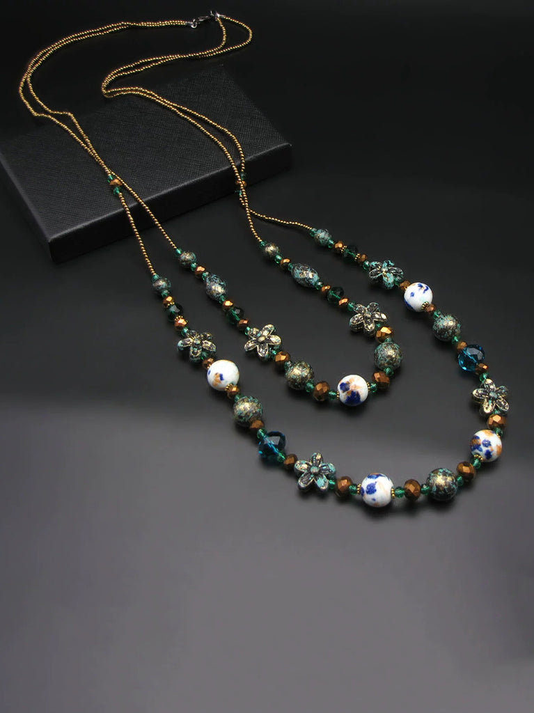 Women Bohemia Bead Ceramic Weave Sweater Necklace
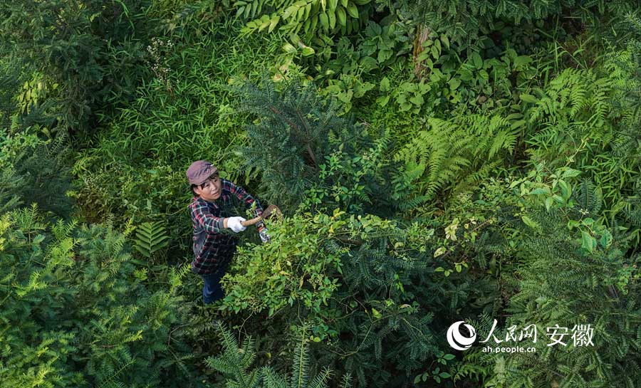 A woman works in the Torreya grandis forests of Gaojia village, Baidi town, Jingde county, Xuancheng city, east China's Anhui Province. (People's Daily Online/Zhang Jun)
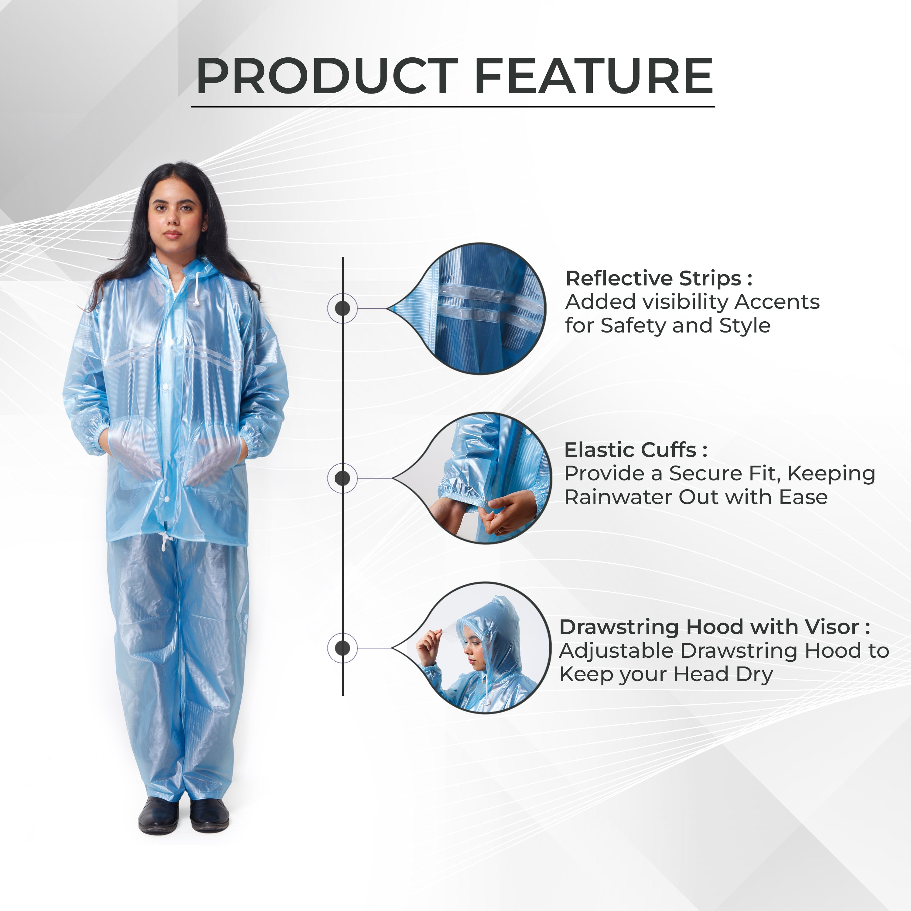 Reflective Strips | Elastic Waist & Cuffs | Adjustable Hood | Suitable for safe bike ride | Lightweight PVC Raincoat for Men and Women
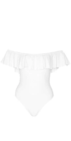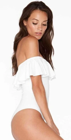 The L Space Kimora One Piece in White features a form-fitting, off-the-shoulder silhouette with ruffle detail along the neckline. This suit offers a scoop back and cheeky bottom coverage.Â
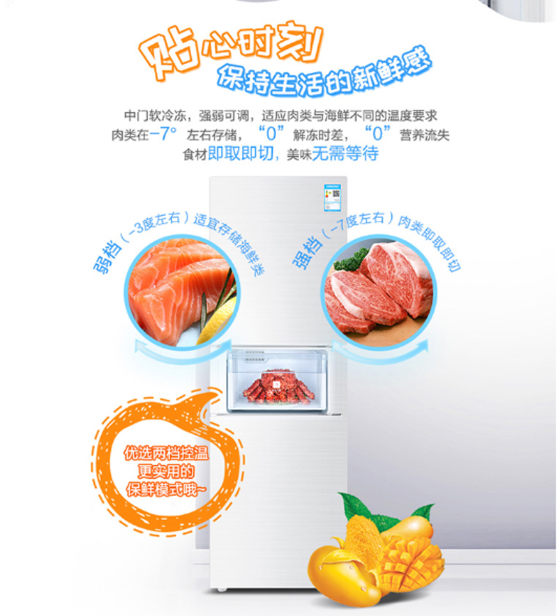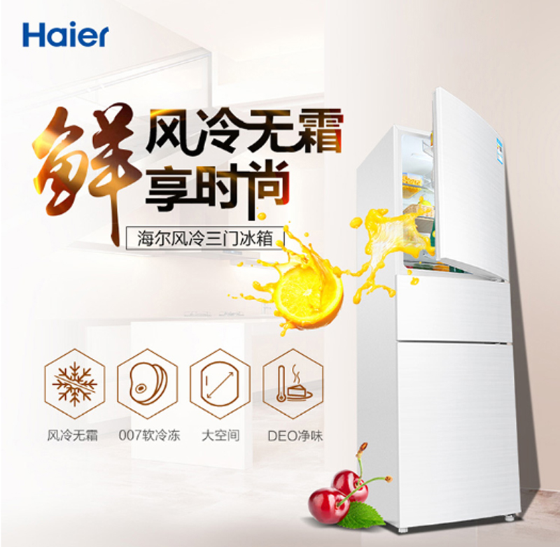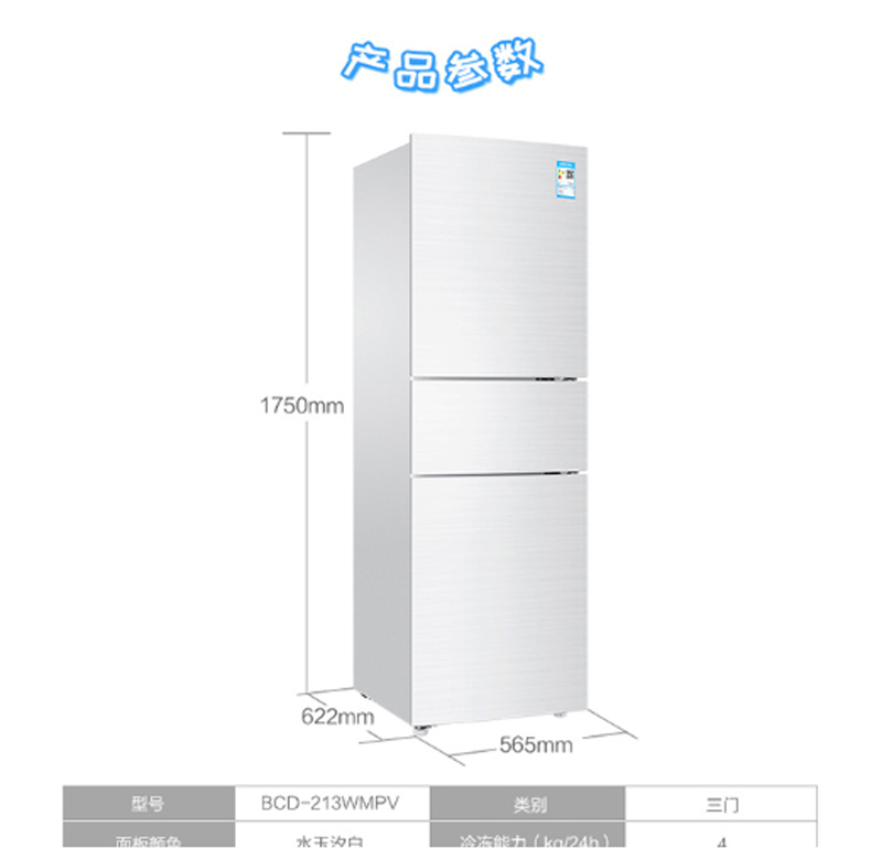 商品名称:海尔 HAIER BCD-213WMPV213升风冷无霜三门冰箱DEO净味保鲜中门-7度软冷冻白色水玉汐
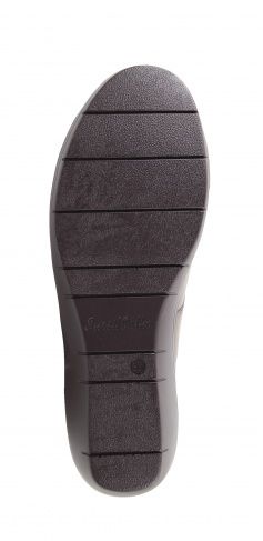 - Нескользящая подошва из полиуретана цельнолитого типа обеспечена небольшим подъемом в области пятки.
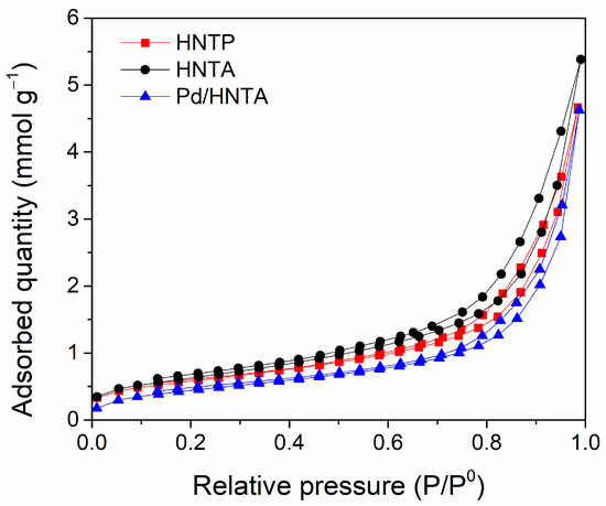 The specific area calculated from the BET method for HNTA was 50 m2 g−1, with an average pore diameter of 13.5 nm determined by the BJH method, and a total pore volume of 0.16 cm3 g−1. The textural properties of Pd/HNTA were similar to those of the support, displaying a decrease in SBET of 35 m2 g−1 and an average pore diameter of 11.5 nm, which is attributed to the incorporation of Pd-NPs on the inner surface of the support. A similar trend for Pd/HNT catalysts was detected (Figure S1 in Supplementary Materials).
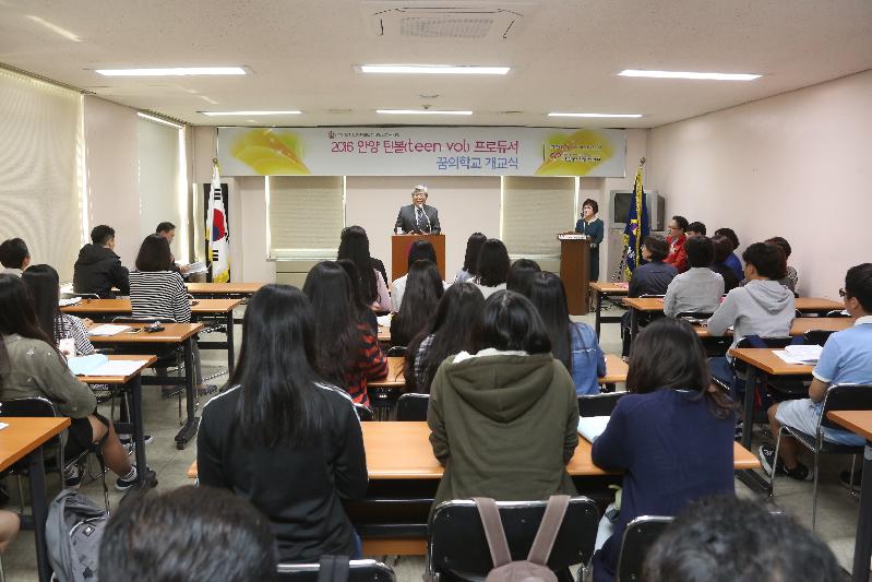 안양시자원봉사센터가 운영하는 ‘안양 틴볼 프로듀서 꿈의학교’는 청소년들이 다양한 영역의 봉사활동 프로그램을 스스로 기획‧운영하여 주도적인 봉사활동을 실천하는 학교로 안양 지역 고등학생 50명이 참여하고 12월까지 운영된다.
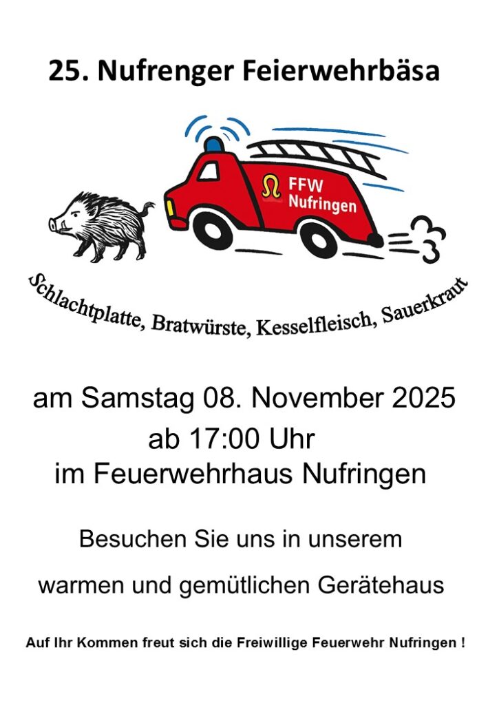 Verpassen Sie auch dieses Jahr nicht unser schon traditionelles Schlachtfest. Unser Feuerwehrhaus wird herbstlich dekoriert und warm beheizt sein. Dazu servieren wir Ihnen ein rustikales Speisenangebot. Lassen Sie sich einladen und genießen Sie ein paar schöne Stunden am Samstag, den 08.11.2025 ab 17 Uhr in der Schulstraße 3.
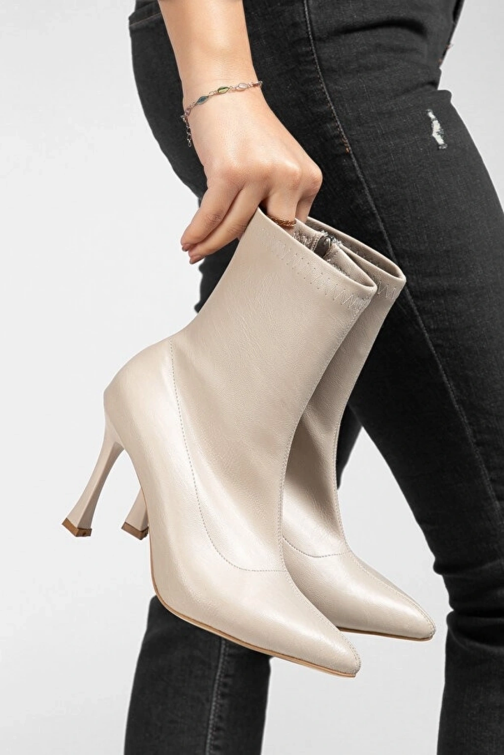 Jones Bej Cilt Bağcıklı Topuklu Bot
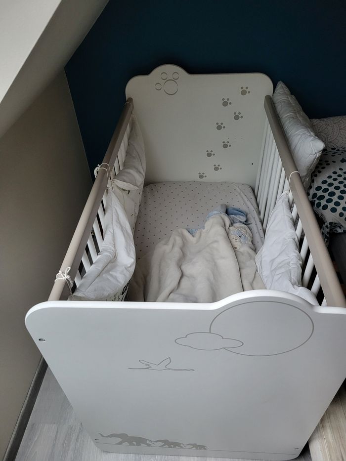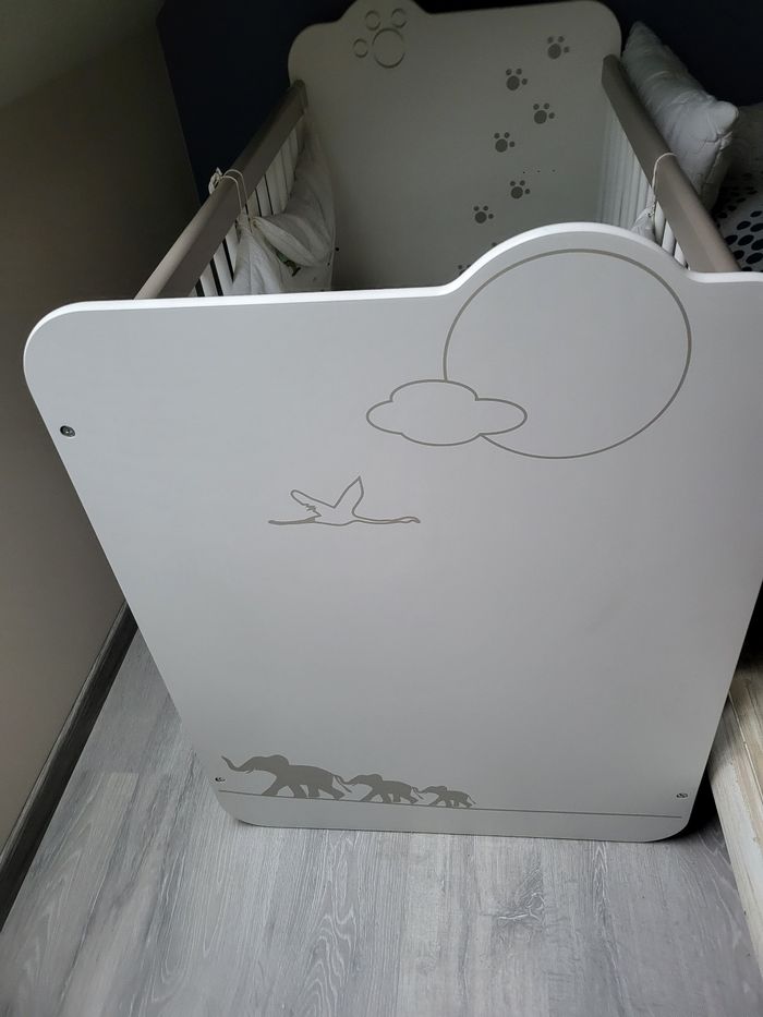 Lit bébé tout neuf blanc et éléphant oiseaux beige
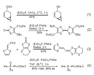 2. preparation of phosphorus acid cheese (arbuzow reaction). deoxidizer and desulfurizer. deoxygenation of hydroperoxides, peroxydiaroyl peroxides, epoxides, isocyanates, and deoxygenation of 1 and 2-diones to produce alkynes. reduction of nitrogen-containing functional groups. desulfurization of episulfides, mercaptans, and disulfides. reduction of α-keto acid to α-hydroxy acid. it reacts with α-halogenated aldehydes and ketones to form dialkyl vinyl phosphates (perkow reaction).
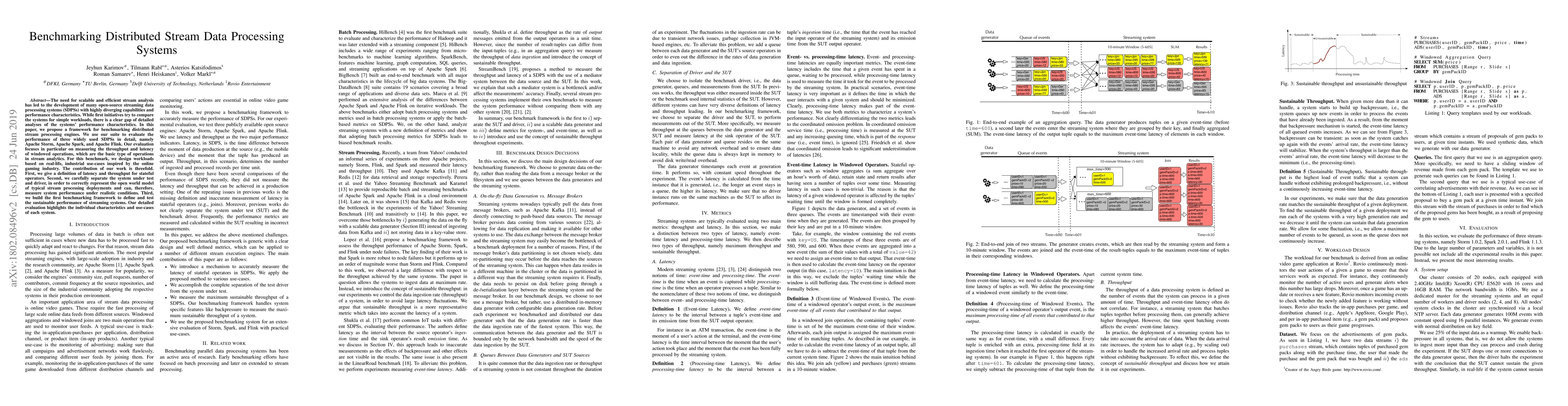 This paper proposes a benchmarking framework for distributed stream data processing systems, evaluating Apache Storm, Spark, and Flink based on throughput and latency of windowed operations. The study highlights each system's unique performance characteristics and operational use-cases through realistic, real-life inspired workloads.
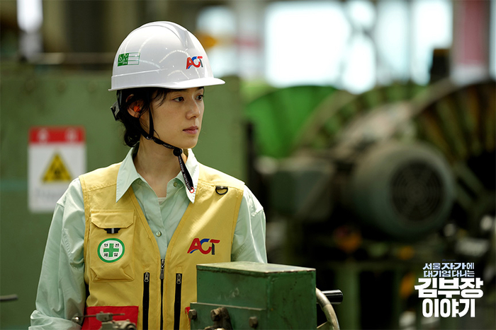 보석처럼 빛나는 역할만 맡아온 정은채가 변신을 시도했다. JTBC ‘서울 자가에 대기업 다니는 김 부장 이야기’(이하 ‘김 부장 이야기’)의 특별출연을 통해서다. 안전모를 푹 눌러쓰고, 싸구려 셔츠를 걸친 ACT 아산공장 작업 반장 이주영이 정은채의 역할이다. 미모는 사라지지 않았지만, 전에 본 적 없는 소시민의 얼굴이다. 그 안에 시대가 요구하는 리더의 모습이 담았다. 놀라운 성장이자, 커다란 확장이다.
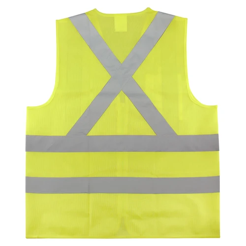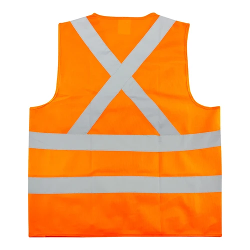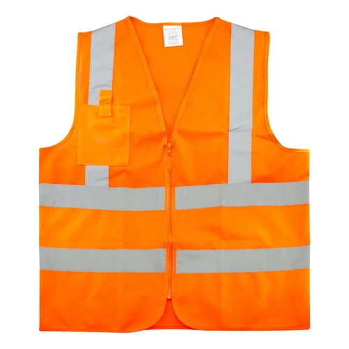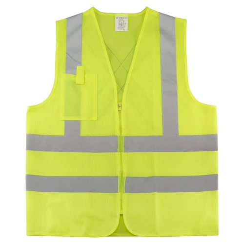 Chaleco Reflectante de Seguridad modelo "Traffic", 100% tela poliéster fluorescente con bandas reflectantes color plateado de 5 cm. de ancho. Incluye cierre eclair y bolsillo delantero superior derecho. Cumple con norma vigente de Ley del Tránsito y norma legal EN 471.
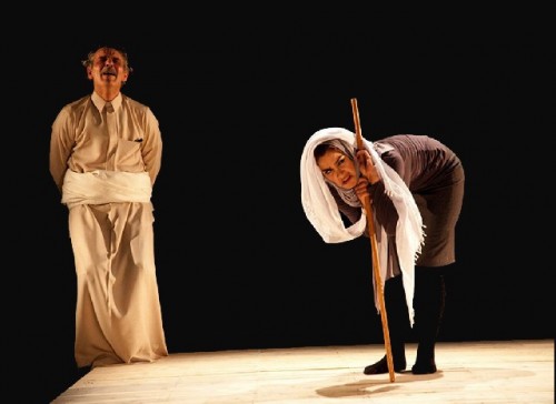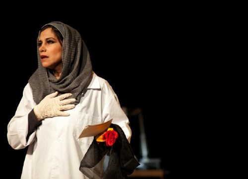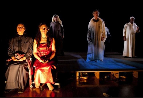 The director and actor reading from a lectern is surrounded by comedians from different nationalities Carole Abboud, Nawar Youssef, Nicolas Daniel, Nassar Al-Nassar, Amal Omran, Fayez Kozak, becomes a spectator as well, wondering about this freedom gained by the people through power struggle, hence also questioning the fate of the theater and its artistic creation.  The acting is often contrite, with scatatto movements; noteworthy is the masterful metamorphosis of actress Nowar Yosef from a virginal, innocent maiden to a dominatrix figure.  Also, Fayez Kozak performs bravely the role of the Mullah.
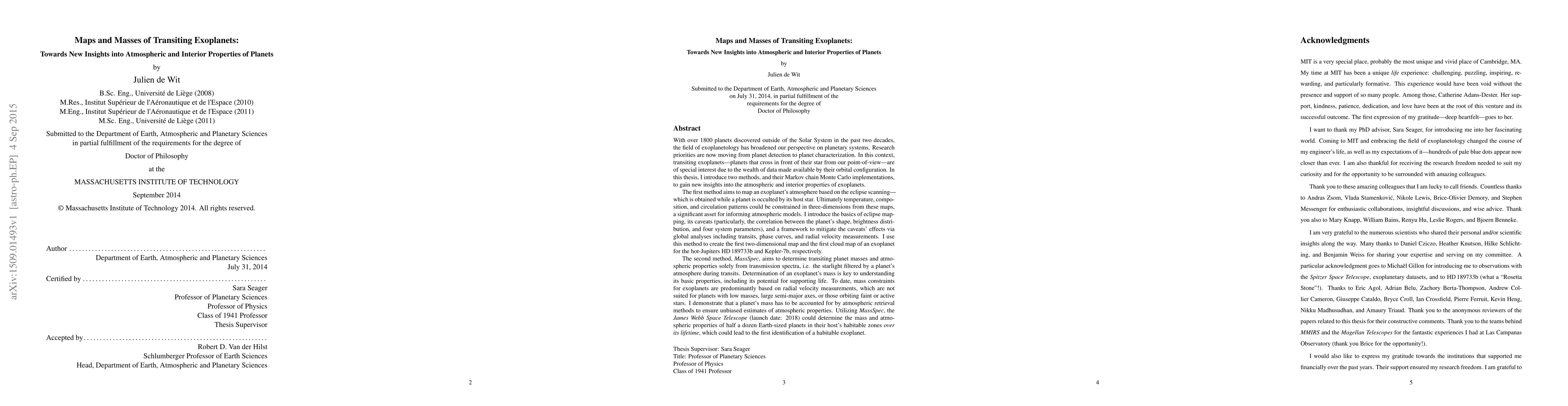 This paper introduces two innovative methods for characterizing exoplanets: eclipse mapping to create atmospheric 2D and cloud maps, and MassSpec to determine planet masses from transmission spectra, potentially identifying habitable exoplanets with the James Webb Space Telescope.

# Task to carry out
Letter for letter, reproduce every record above and skip the pictures.

# Final answer
 Women Bohemia Bead Ceramic Weave Sweater Necklace
 A woman works in the Torreya grandis forests of Gaojia village, Baidi town, Jingde county, Xuancheng city, east China's Anhui Province. (People's Daily Online/Zhang Jun)
 Reflective Strips | Elastic Waist & Cuffs | Adjustable Hood | Suitable for safe bike ride | Lightweight PVC Raincoat for Men and Women
 The L Space Kimora One Piece in White features a form-fitting, off-the-shoulder silhouette with ruffle detail along the neckline. This suit offers a scoop back and cheeky bottom coverage.Â
 商品名称:海尔 HAIER BCD-213WMPV213升风冷无霜三门冰箱DEO净味保鲜中门-7度软冷冻白色水玉汐
 - Нескользящая подошва из полиуретана цельнолитого типа обеспечена небольшим подъемом в области пятки.
 The specific area calculated from the BET method for HNTA was 50 m2 g−1, with an average pore diameter of 13.5 nm determined by the BJH method, and a total pore volume of 0.16 cm3 g−1. The textural properties of Pd/HNTA were similar to those of the support, displaying a decrease in SBET of 35 m2 g−1 and an average pore diameter of 11.5 nm, which is attributed to the incorporation of Pd-NPs on the inner surface of the support. A similar trend for Pd/HNT catalysts was detected (Figure S1 in Supplementary Materials).
 안양시자원봉사센터가 운영하는 ‘안양 틴볼 프로듀서 꿈의학교’는 청소년들이 다양한 영역의 봉사활동 프로그램을 스스로 기획‧운영하여 주도적인 봉사활동을 실천하는 학교로 안양 지역 고등학생 50명이 참여하고 12월까지 운영된다.
 Verpassen Sie auch dieses Jahr nicht unser schon traditionelles Schlachtfest. Unser Feuerwehrhaus wird herbstlich dekoriert und warm beheizt sein. Dazu servieren wir Ihnen ein rustikales Speisenangebot. Lassen Sie sich einladen und genießen Sie ein paar schöne Stunden am Samstag, den 08.11.2025 ab 17 Uhr in der Schulstraße 3.
 Jones Bej Cilt Bağcıklı Topuklu Bot
 Lit bébé tout neuf blanc et éléphant oiseaux beige
 2. preparation of phosphorus acid cheese (arbuzow reaction). deoxidizer and desulfurizer. deoxygenation of hydroperoxides, peroxydiaroyl peroxides, epoxides, isocyanates, and deoxygenation of 1 and 2-diones to produce alkynes. reduction of nitrogen-containing functional groups. desulfurization of episulfides, mercaptans, and disulfides. reduction of α-keto acid to α-hydroxy acid. it reacts with α-halogenated aldehydes and ketones to form dialkyl vinyl phosphates (perkow reaction).
 This paper proposes a benchmarking framework for distributed stream data processing systems, evaluating Apache Storm, Spark, and Flink based on throughput and latency of windowed operations. The study highlights each system's unique performance characteristics and operational use-cases through realistic, real-life inspired workloads.
 보석처럼 빛나는 역할만 맡아온 정은채가 변신을 시도했다. JTBC ‘서울 자가에 대기업 다니는 김 부장 이야기’(이하 ‘김 부장 이야기’)의 특별출연을 통해서다. 안전모를 푹 눌러쓰고, 싸구려 셔츠를 걸친 ACT 아산공장 작업 반장 이주영이 정은채의 역할이다. 미모는 사라지지 않았지만, 전에 본 적 없는 소시민의 얼굴이다. 그 안에 시대가 요구하는 리더의 모습이 담았다. 놀라운 성장이자, 커다란 확장이다.
 Chaleco Reflectante de Seguridad modelo "Traffic", 100% tela poliéster fluorescente con bandas reflectantes color plateado de 5 cm. de ancho. Incluye cierre eclair y bolsillo delantero superior derecho. Cumple con norma vigente de Ley del Tránsito y norma legal EN 471.
 The director and actor reading from a lectern is surrounded by comedians from different nationalities Carole Abboud, Nawar Youssef, Nicolas Daniel, Nassar Al-Nassar, Amal Omran, Fayez Kozak, becomes a spectator as well, wondering about this freedom gained by the people through power struggle, hence also questioning the fate of the theater and its artistic creation.  The acting is often contrite, with scatatto movements; noteworthy is the masterful metamorphosis of actress Nowar Yosef from a virginal, innocent maiden to a dominatrix figure.  Also, Fayez Kozak performs bravely the role of the Mullah.
 This paper introduces two innovative methods for characterizing exoplanets: eclipse mapping to create atmospheric 2D and cloud maps, and MassSpec to determine planet masses from transmission spectra, potentially identifying habitable exoplanets with the James Webb Space Telescope.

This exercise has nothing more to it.